Кривоносов присел на краешек табурета поодаль от начлага.

Минуту помолчали.

– Ладно, с богом, как говорят несознательные элементы, подверженные буржуазному, так сказать… – произнес начлага Мышляев, не закончил фразы и покрутил в воздухе короткопалой пятерней. Покряхтел и деловито закончил: – С мертвых сними отпечатки пальцев… Чтобы все по закону, – и протянул Кривоносову руку.

Кривоносов сделал вид, что руки не заметил: был брезглив и большой чистюля, быстро поднялся, закинул за спину вещмешок и карабин, повесил на шею бинокль в кожаном футляре и, не оглянувшись, вышел из караулки.

Хлопнула дверь, протопало легко и стремительно по ступенькам, и вот уже в окно видно, как комвзвода, одетый в зеленую ватную телогрейку и ватные же штаны, в шапке-ушанке, сбитой на правое ухо, спорым шагом спускается вниз по натоптанной дороге. Спина его горбится сидором и скаткой брезентового дождевика, за поясом торчит плотницкий топор, у бедра длинный охотничий нож в деревянных ножнах.

Начлага Мышляев, то и дело покряхтывая, пошмыгивая носом и отирая голову и красную шею замусоленной тряпицей, повернулся к столу и снова стал читать бумагу, составленную Кривоносовым.

Бумага была, нечего сказать, составлена толково, и начлага подумал недовольно, что этот заносчивый парень может далеко пойти, но что давать ему ходу нельзя по причине классовой незрелости и научной отсталости. Савелий Архипович не любил таких… таких молодых, да ранних: самомнительности в них много, а теоретического подходу никакого.

Сам Мышляев после окончания гражданской войны целый год проучился в Иркутске на командных курсах, да раз в два года там же повышал свою политическую и профессиональную подготовку уже на курсах месячных, и считал себя – и не без основания – специалистом по борьбе с антисоветскими элементами. Он прошел все ступени лагерной службы, последние два года состоял в качестве заместителя начлага у товарища Френкеля Осипа Захарыча, человека принципиального, но себе на уме, многому у него научился, в том числе ученым рассуждениям по уголовной и политической части, однако, узнав как-то от своих людей, что товарищ Френкель очень не равнодушен к молодым парням особого телесного склада, проследил за ним и написал соответствующую бумагу, в результате чего товарищ Френкель однажды был вызван в областное управление НКВД и оттуда уже не вернулся. Куда он подевался, неизвестно, но Мышляев почему-то был уверен, что его пустили в расход. И правильно сделали.

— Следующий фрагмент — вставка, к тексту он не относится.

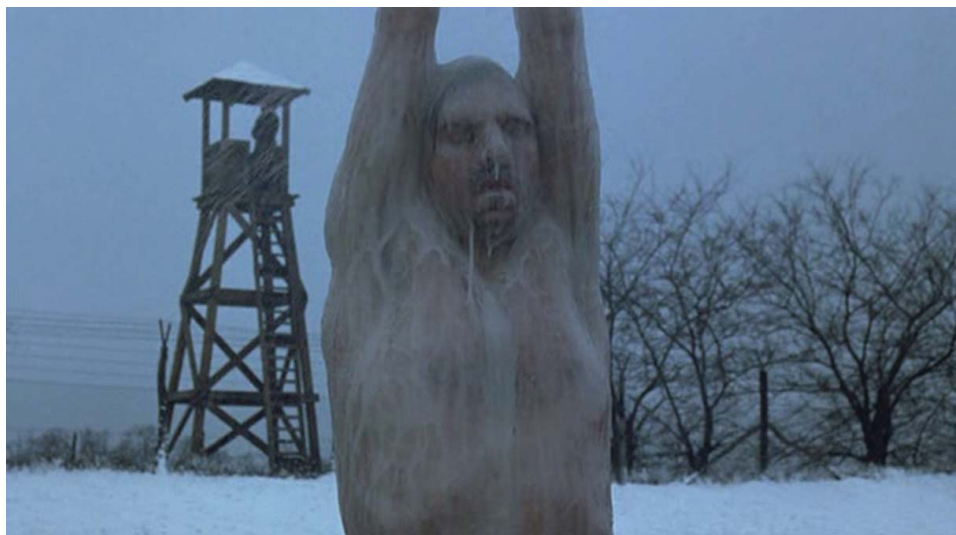
Figure 1. Father and son: Ádám encased in frozen water.

All of this is in stark contrast to the way Szabó uses the body. In Sunshine , the visual representations of the body are configured as less mechanical, more humanistic, psychology-driven metaphors. For example, one of the central body metaphors of the film is the relation between the body of Ádám (the Olympic champion fencer who died in a concentration camp) and his son, Iván (who became a member of the communist state security forces). The father dies encased in frozen water, while the son – who witnessed his father's death – is later shown covered in water in the shower while his superior attacks him and calls him a traitor (Figures 1 and 2).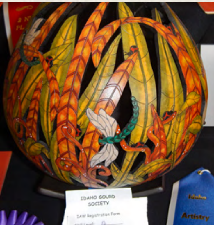
Peoples Choice - Linda Kobel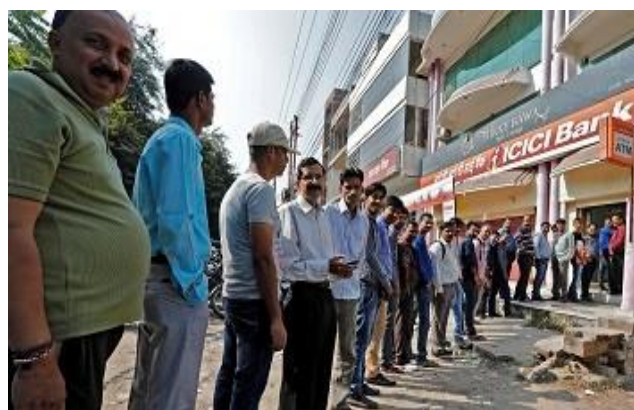
Fig-2: Queue outside a Private Bank Following Demonetization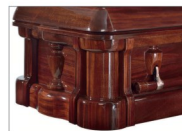
| Traditional Craftsmanship |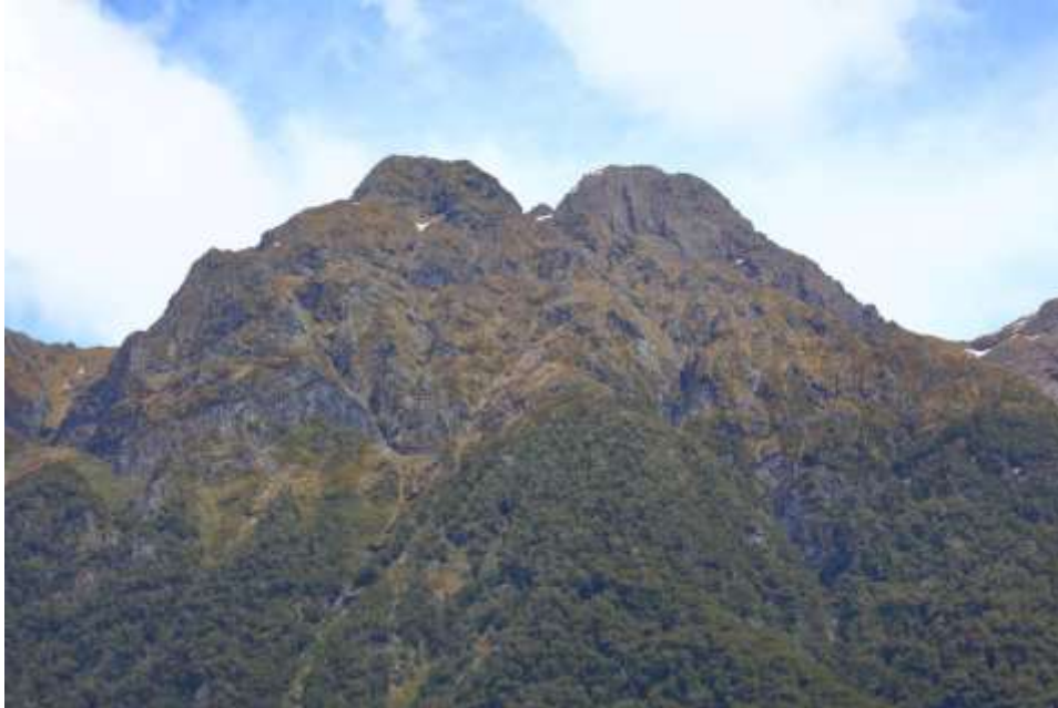
Mountaintop where New Zealand Falcon soared

Ed spots a tiny bird chasing through the dense riparian understory below the deck. It is a South Island Robin, another endemic species. At Knobs Flat, we have a panoramic view of the surrounding mountains. While viewing the unfurled ribbon of a thin waterfall pouring from the mountaintop to the Eglinton Valley below, I catch a New Zealand Falcon—rare and endangered—soaring above the barren rocky mountain peak. We hike into the forest, densely wooded with moss encrusted fallen trees and a high canopy where a Tui pair chases and another Bellbird rings.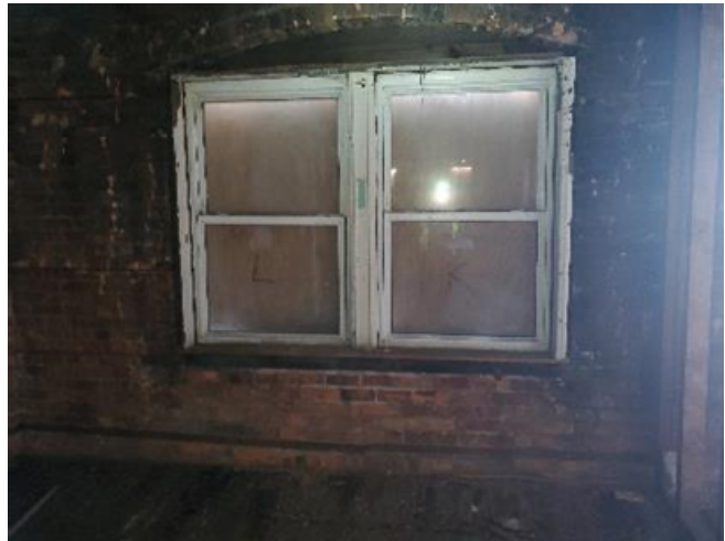
Wind #48- vinyl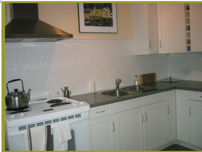
Fabulous Modern Kitchen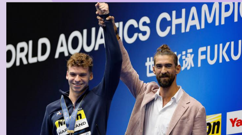
LEON MARCHAND (FRA) BROKE MICHAEL PHELPS' LAST STANDING RECORD IN THE 400 IM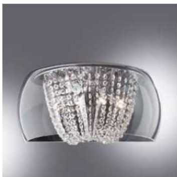
Audi 60 AP4 L 400 x H 210 x P 210 mm max 4 x 20W G4 / 230-240V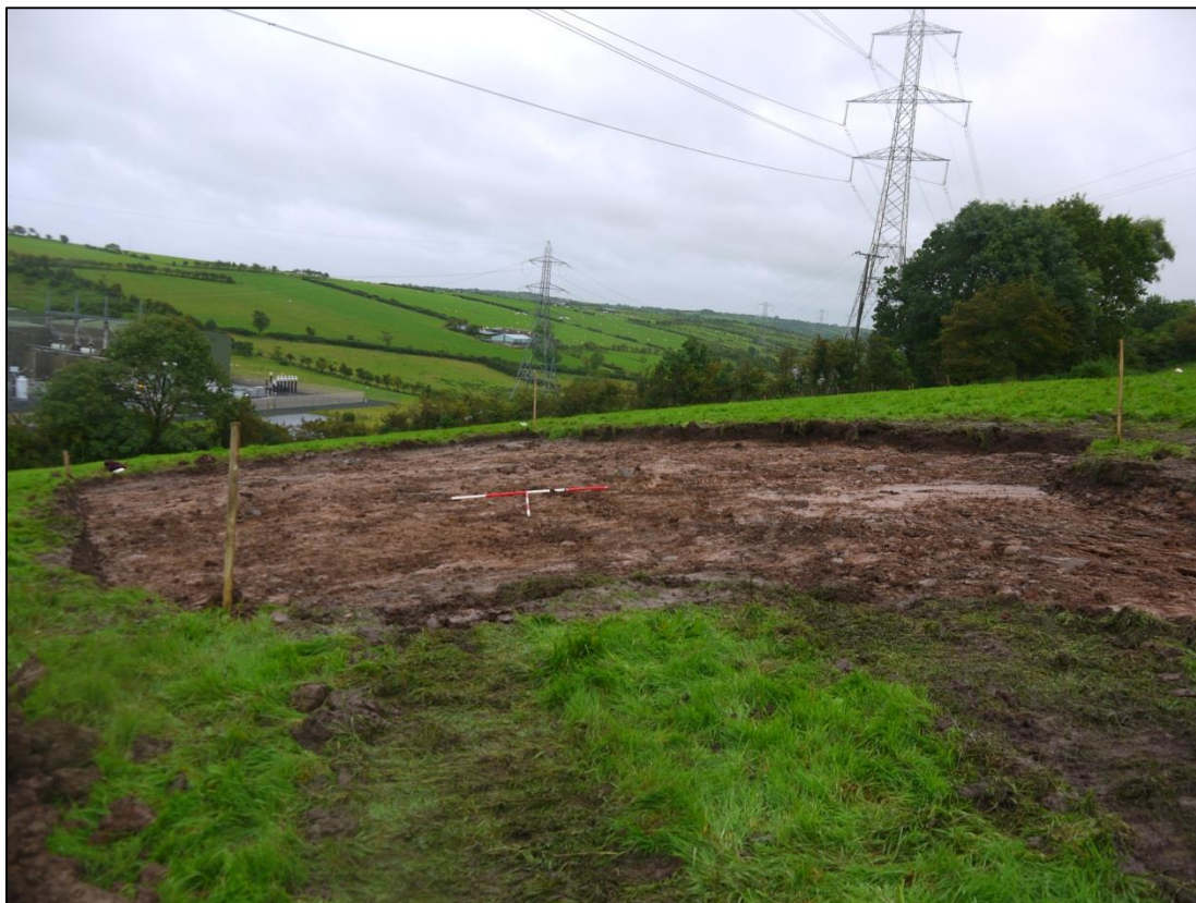
Plate 3: Site after topsoil stripping looking east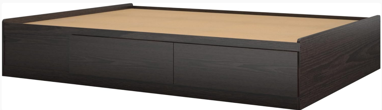
Figure 1.2: Front view of the Ameriwood Home Full Platform Bed with Drawers.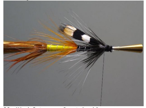
28 Wind 2 turns of wet hackle 29 Tie off the silver badger cock feather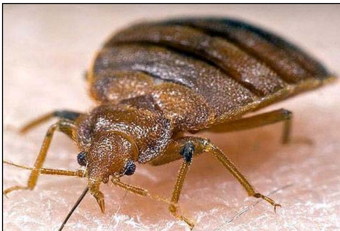
Figure 1 is a member of the insect order Hemiptera, the true bugs, with piercing-sucking mouthparts. Most bugs are winged insects adapted to sucking the sap of

The common bed bug Cimex lectularius (Figure 1)

Став хозяином в лагере, Мышляев, пока еще временно исполняющим обязанности начлага, он терпеливо ждет, когда в наименовании его должности исчезнет чертово «врио», боясь всяких оплошностей со своей стороны, со стороны своих подчиненных и какой-нибудь пакости со стороны зэков. И вот, надо же, такая оплошность поимела место, как говаривал товарищ Френкель, – царство ему небесное, – выразившаяся в побеге почти сплошь 58-й статьи.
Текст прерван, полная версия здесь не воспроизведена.